Bab 30: Kilas Balik

31 6 0
                                    

Aira berlari sepanjang koridor kampusnya. Setelah dua tahun penuh belajar, agar bisa menembus kampus impiannya, dia akhirnya bisa menginjakkan kakinya di sini. Dia mencari Ryu di setiap sudut kampus. Laki-laki populer itu, pasti ada di salah satu sisi kampus ini, pikir Aira. Dia menunjukkan foto Ryu saat masih SMA ke semua orang yang dia ketemui. Tak ada satu pun orang yang mengenal wajah tamvannya. Aira kesal, dia memilih menyingkir dari kerumunan, menuju lapangan basket yang letaknya ada di belakang gedung. 

Bunyi pantulan bola basket terdengar sayup-sayup. Seseorang sedang diam di pinggir lapangan sambil memantulkan bola basket. Di tangannya ada buku catatan kecil. Mulutnya bergerak konstan dan berulang seperti merapalkan mantra. Rambut panjang yang ikal dan menutupi wajah, kaca mata tebal dan juga kemeja fleece kumal menutupi pundaknya. 

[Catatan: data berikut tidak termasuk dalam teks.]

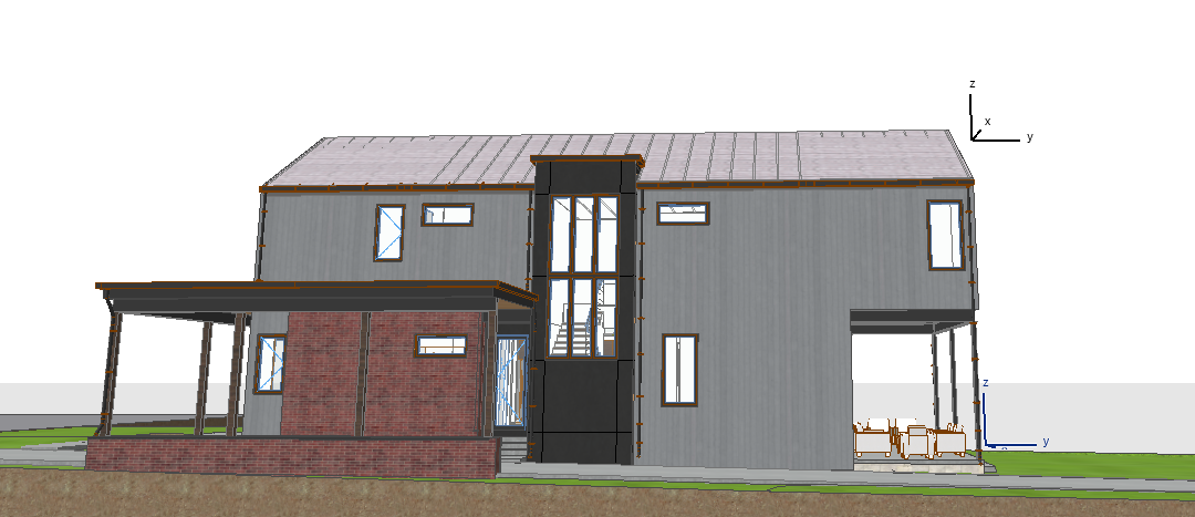 make house look realistic forest around the house concrete driveway to be on the right side of the house grey finish on house is wood vertical siding

Aira penasaran dengan laki-laki penyendiri itu. Dia menatap ke arahnya dari lantai dua gedung yang berseberangan dengan lapangan itu. Dia lelah mencari Ryu ke mana-mana. Rasanya, mustahil menemukannya di sini. 

Aira mengalihkan padangan matanya ke arah lain. Awan putih berarak pelan berbingkai langit biru. Angin meniupkan hawa dingin. Matahari yang bersinar pagi itu, meniupkan kehangatan yang sangat Aira rindukan akhir-akhir ini. Setelah hujan dan awan kelam menemaninya. 

Seseorang melambaikan tangan ke arah Aira. Dia tersenyum manis sekali. Pakaiannya begitu rapi, dengan rambut yang tersisir dan bau harum yang menguar dari tubuhnya. Dia sangat bersinar di antara semua orang yang ada di sini. 

"Aira, 'kan?"

Aira tersenyum kecil, dia mengikuti langkah kakinya, "Vin, Ryu-senpai wa?"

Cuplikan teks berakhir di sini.